Reproducibility Assessment -- `david_eval`

Author: David Segura | Commits: 1 | Files changed: 8 | +1,086 lines

Status: NOT READY -- useful evaluation methodology, completely non-portable.

What this contributes

Eight standalone vLLM-based evaluation scripts in evaluation/ for four reaction tasks, each with a base and retry variant:

Script	Task
`benchmarking_inversion-2.py` / `-retry.py`	MCQ: identify correct reaction (swapped reactants)
`benchmarking_naming-2.py` / `-retry.py`	Reaction class prediction (10 classes)
`benchmarking_replacement.py` / `-2-retry.py`	MCQ: identify correct reaction (modified reactions)
`benchmarking_truefalse-2.py` / `-retry.py`	True/False: is this reaction correct?

Each script loads a CSV dataset, constructs MCQ/binary prompts, runs vLLM inference, extracts answers via regex, and computes accuracy metrics.

Breaks / Blockers

Issue	Severity
`benchmarking_inversion-2-retry.py`: `needs_retry` referenced before definition -- script crashes with NameError on first run	Bug

Reproducibility Gaps

Gap	Details
All 8 scripts use hardcoded absolute paths	`/data/david/...`, `/data/share/sft_hf_3/` -- zero CLI args, no env vars, no config files
No deterministic option shuffling	MCQ scripts use `np.random.permutation()` without fixed seed -- option ordering varies between runs
Massive code duplication	~60% identical boilerplate across 8 scripts (data loading, splitting, extraction, metrics)
No tests	Zero unit or integration tests
No documentation	No docstrings, no README explaining what models are targeted or how to interpret results
Hardcoded model paths	Specific to David's cluster environment
Hardcoded tokenizer	Qwen-specific stop tokens in some scripts

Relationship to other branches

david_active_branch is the full dev branch -- contains these scripts plus result CSVs, reaction tasks, and CSCS infrastructure. Also contains committed WandB API key (security issue) and ~1.4M lines of result CSVs.
david_kuma_sampling_param (PR David kuma sampling param #36) contains the 3 reaction task classes that these scripts evaluate
The evaluation methodology overlaps with evaluate.rxnpred.py in Vu_active_branch

What is needed for reviewer reproducibility

Fix benchmarking_inversion-2-retry.py NameError
Refactor 8 scripts into a single parameterized evaluation harness with CLI args for model path, data path, task type
Add np.random.seed() for deterministic MCQ option shuffling
Replace all hardcoded paths with CLI arguments or ${MIST_DATA_DIR}
Add a README documenting usage, expected inputs/outputs, and interpretation
Add at least smoke tests for prompt construction and answer extraction logic
Consider integrating with the existing src/open_r1/ evaluation infrastructure rather than standalone scripts

🤖 Generated with Claude Code

doncamilom · 2026-04-06T11:39:14Z

Paper-to-Code Mapping Update

This branch contains evaluation scripts for paper tasks RxN, RxR, RxI, RxTF.

The benchmarking_truefalse-2.py script is one of the few places where RxTF evaluation logic exists. However, the scripts are completely non-portable (hardcoded paths) and would need significant rework to serve as reproducibility artifacts.

Priority for reviewer reproducibility: MEDIUM

The evaluation methodology is useful but needs to be integrated into a portable harness.

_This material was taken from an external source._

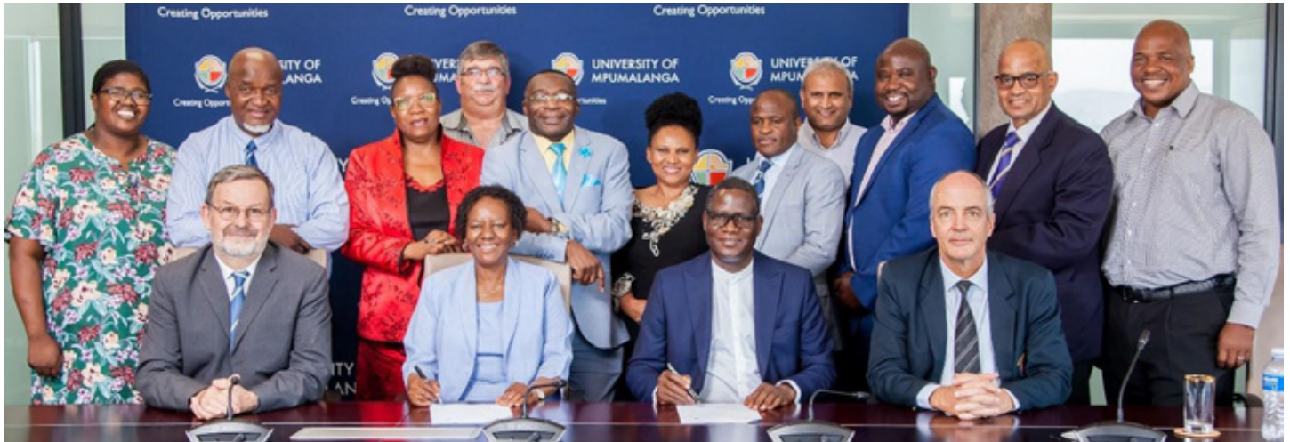
Colleagues from both UNIVEN and UMP who witnessed the MoU signing ceremony

doncamilom · 2026-04-06T11:44:30Z

Final Classification

Paper tasks: Evaluation scripts for RxN, RxR, RxI, RxTF
Priority: MEDIUM
Paper relevance: Contains evaluation methodology needed for Table 4, but completely non-portable

Verdict

These 8 benchmarking scripts cover 4 paper tasks and demonstrate the evaluation methodology (prompt construction, MCQ shuffling, answer extraction, accuracy computation). However, they are entirely hardcoded to David's cluster and have a crashing bug. The methodology should be extracted into a single parameterized evaluation harness rather than merged as-is.

Work needed for peer review

Item	Effort
Extract evaluation logic into a portable, parameterized harness	Medium-Large
Fix `benchmarking_inversion-2-retry.py` NameError	Tiny
Add `np.random.seed()` for deterministic MCQ shuffling	Tiny
Replace all hardcoded paths with CLI args	Medium
Add documentation for usage and output interpretation	Small

Recommendation

Do not merge as-is. Use as reference when building a clean evaluation harness for Table 4 reproduction.

Co-Authored-By: Claude Opus 4.6 (1M context) <noreply@anthropic.com>

doncamilom · 2026-04-06T20:12:56Z

Updated classification

Relabeled from has-bugs to documentation. This PR should NOT be merged as-is (hardcoded paths, duplicated boilerplate, missing deps), but it serves as the reference implementation for the evaluation harness that needs to be built.

The 8 scripts cover evaluation methodology for all 4 reaction tasks:

RxN: prompt construction with 10-class options, per-class accuracy
RxR: MCQ with Enamine50k-corrupted options, letter extraction
RxI: MCQ with inverted-reagent options
RxTF: binary true/false classification

These should be used as reference when building scripts/evaluate.py.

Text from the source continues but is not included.